Tiberio G, Floriani M, Giulini S M, Bonardelli S, Portolani N, Pulcini G, Guarneri B, De Maria G, Antonini L, Tomasoni G
Department of Surgical Sciences, University of Brescia, Italy.
Eur J Vasc Surg. 1991 Dec;5(6):647-53. doi: 10.1016/s0950-821x(05)80900-4.
The authors studied the changes of Somatosensory Evoked Potentials (SEPs) performed in 241 anaesthetised patients during 264 carotid endarterectomies (CEs). SEP responses were considered significantly modified when the central conduction time was greater than 1 ms and/or when the amplitude of the complex N20-P25 decreased by at least 50%. Both CCT and N20-P25 have been correlated with different parameters, including the presence or absence of preoperative neurological deficits, the type of general anaesthesia, the status of the contralateral and the ipsilateral carotid artery, stump pressure, the use of an intraluminal shunt and the perioperative results. After carotid cross-clamping SEP responses were within the normal range in 236 CEs (89%), and abnormal in 28 (11%). A shunt was inserted 23 times in 264 (9%) cases. None of the patients operated on in this series experienced a permanent neurological deficit; there were three (1.1%) transient deficits (two Rinds and one TIA) and two deaths from non-neurological causes. Only one of the transient deficits was present when the patient woke from the anaesthetic and this event was predicted by significant modification of the SEP which did not reverse after removal of the clamps (a shunt was not used). None of the patients in our series who did not present significant modifications of SEPs during the operation had any postoperative neurological deficit. The authors conclude that SEP recording is a highly reliable and objective method for continuous monitoring of brain function during CE.

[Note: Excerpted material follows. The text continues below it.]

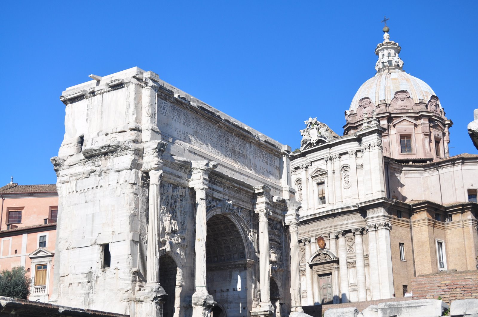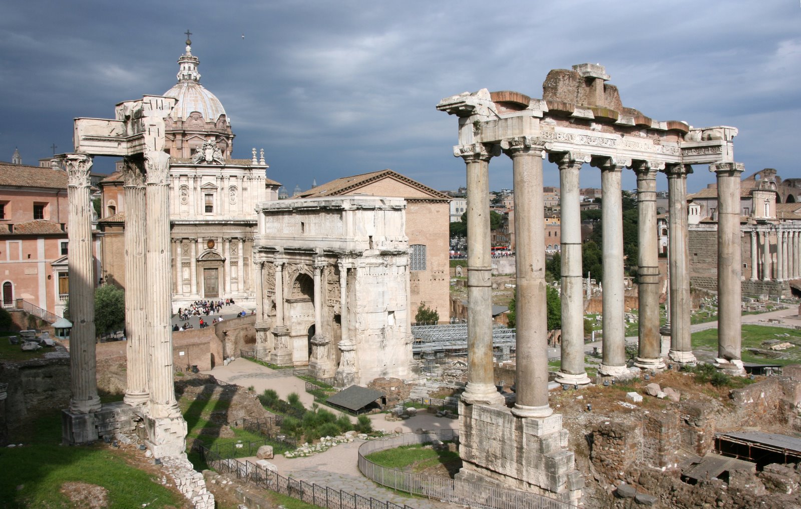 Путешествие в историю Древнего Рима можно начать с осмотра Римского Форума – площади, на которой принимались решения, важные не только для города, но и для всей империи. Здесь находятся руины некогда величественных храмов Сатурна, Зевса Олимпийского, Кастора и Поллукса, Весты, Венеры, Антония и Фаустины, Веспасиана. Прогуливаясь по древнему Форуму, словно совершаешь путешествие в прошлое, от каждого камня словно веет древностью. До наших дней сохранилась и Триумфальная Арка, построенная во времена правления римского императора Септимия Севера. С античных времен сохранилась и Колонна Траяна, возвышающаяся посреди одноименного форума. С античных времен сохранились и термы Диоклетиана и Каракаллы, а также храм Ромула. Каждая античная постройка, возрожденная к жизни археологами, напоминает о древней истории Рима, о его архитектурном облике во времена античности. Создается впечатление, что вот-вот здесь промелькнет тога сенатора или появится жрица-весталка.
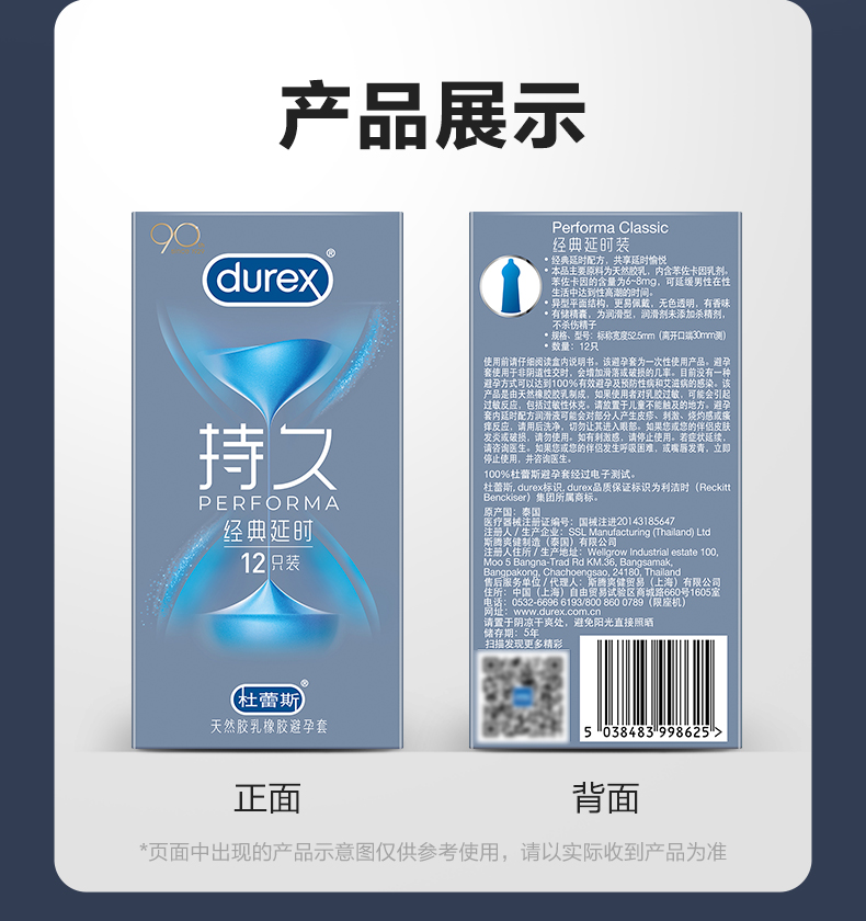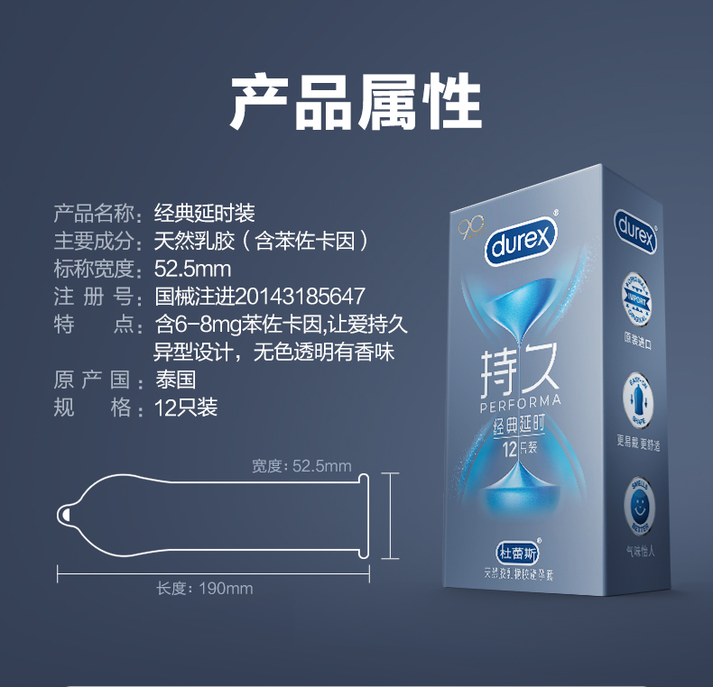 杜蕾斯 持久超薄避孕套,采用天然乳胶制成,产品如丝般轻柔,超薄超滑更敏感,含6-8mg的苯佐卡因成分,有很好的延时效果,而且不麻木见效快,安心征伐不停歇。苯佐卡因是医学上常用的脱敏成分,能降低男性的敏感程度。

作者研究了241例接受麻醉的患者在264例颈动脉内膜切除术(CE)期间体感诱发电位(SEP)的变化。当中央传导时间大于1毫秒和/或复合波N20 - P25的波幅至少降低50%时,SEP反应被认为有显著改变。中央传导时间(CCT)和N20 - P25均与不同参数相关,包括术前是否存在神经功能缺损、全身麻醉类型、对侧和同侧颈动脉的状况、残端压力、腔内分流的使用以及围手术期结果。颈动脉交叉阻断后,236例CE(89%)的SEP反应在正常范围内,28例(11%)异常。264例(9%)病例中有23次插入了分流管。该系列手术的患者均未出现永久性神经功能缺损;有3例(1.1%)出现短暂性缺损(2例为脑梗死,1例为短暂性脑缺血发作),2例死于非神经原因。仅1例短暂性缺损在患者从麻醉中苏醒时出现,并且该事件可通过SEP的显著改变预测,夹闭解除后未恢复正常(未使用分流管)。我们系列中的患者在手术期间SEP无显著改变的,术后均无神经功能缺损。作者得出结论,SEP记录是CE期间连续监测脑功能的一种高度可靠且客观的方法。